New York University Langone Medical Center, New York, NY, United States.
Aristotle University, Thessaloniki, Greece.
Curr Vasc Pharmacol. 2018;16(3):254-268. doi: 10.2174/1570161115666170621081638.

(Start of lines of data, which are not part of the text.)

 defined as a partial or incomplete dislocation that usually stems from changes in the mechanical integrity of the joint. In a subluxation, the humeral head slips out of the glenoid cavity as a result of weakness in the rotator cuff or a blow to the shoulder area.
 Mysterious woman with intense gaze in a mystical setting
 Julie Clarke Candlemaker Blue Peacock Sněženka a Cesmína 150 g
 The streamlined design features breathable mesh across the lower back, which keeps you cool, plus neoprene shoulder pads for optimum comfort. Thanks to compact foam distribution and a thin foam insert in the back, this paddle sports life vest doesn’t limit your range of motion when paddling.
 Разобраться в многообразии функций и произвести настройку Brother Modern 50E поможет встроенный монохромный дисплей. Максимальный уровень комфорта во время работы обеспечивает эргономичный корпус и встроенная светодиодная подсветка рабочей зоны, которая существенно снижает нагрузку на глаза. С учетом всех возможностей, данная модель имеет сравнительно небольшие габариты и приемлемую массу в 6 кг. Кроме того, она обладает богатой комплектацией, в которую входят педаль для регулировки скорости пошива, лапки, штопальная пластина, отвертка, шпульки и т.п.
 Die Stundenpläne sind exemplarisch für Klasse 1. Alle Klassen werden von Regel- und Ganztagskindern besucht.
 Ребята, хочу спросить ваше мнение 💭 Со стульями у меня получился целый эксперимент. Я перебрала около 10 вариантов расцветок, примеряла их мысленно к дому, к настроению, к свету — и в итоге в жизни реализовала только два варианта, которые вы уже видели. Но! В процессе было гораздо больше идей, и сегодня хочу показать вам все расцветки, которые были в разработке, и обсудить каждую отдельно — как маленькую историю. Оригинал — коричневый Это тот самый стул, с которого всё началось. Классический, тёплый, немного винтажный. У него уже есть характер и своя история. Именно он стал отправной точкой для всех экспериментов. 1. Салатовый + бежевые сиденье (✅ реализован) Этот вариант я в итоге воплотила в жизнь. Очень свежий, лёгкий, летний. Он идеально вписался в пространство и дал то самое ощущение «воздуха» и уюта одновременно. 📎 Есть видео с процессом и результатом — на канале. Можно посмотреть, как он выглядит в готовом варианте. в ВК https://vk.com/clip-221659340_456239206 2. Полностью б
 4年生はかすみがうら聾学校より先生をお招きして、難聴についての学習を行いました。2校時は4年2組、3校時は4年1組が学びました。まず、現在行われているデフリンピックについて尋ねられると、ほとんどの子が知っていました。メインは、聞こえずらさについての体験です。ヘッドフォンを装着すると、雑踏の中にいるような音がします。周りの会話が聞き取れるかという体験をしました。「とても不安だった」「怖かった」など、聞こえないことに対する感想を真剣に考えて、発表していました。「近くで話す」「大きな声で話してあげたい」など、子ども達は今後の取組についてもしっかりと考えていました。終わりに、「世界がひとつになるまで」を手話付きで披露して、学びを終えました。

Non-alcoholic fatty liver disease (NAFLD) is becoming the most common chronic liver disease. NAFLD may evolve to non-alcoholic steatohepatitis (NASH), which is causally related to cirrhosis and cardiovascular disease (CVD) mortality. There is no generally accepted effective treatment for NAFLD/NASH. Chronic kidney disease (CKD) is relatively common and might co-exist with NAFLD/NASH, aggravate one another, and increase CVD risk. Common therapies could improve outcome. Potent statins at high doses, such as atorvastatin and rosuvastatin, ameliorate NAFLD/NASH and reduce the mortality rates by half as compared with those on the same statins but without liver disease and CVD-related events are reduced by atorvastatin for patients with all stages of CKD. The new anti-diabetic medication classes, the sodium-glucose co-transporter-2 inhibitors (SGLT2i) and the glucagon like peptide receptor agonists (GLP1 RA) for patients with NAFLD/NASH, CKD and T2DM are useful because they ameliorate NAFLD/NASH, delay the evolution of CKD, and substantially reduce CVD and all-cause mortality. Thus, the common use of high potency statins, renin-angiotensin-aldosterone system inhibitors, and the newer anti-diabetic agents increase compliance and can substantially reduce CVD risk and the rate of liver and kidney adverse events, improving quality of life and survival.
非酒精性脂肪性肝病(NAFLD)正成为最常见的慢性肝病。NAFLD 可能发展为非酒精性脂肪性肝炎(NASH),这与肝硬化和心血管疾病(CVD)死亡率有因果关系。目前尚无普遍认可的有效治疗 NAFLD/NASH 的方法。慢性肾脏病(CKD)较为常见,可能与 NAFLD/NASH 并存,相互加重,并增加 CVD 风险。常见的治疗方法可能会改善预后。高剂量强效他汀类药物,如阿托伐他汀和瑞舒伐他汀,可改善 NAFLD/NASH,并使死亡率降低一半,而 CKD 各阶段的患者使用阿托伐他汀可降低与肝脏和 CVD 相关的事件发生率。对于患有 NAFLD/NASH、CKD 和 T2DM 的患者,新型抗糖尿病药物类别,钠-葡萄糖共转运蛋白 2 抑制剂(SGLT2i)和胰高血糖素样肽受体激动剂(GLP1 RA)是有用的,因为它们可以改善 NAFLD/NASH,延缓 CKD 的进展,并显著降低 CVD 和全因死亡率。因此,普遍使用强效他汀类药物、肾素-血管紧张素-醛固酮系统抑制剂和新型抗糖尿病药物可提高依从性,并可显著降低 CVD 风险和肝肾不良事件的发生率,提高生活质量和生存率。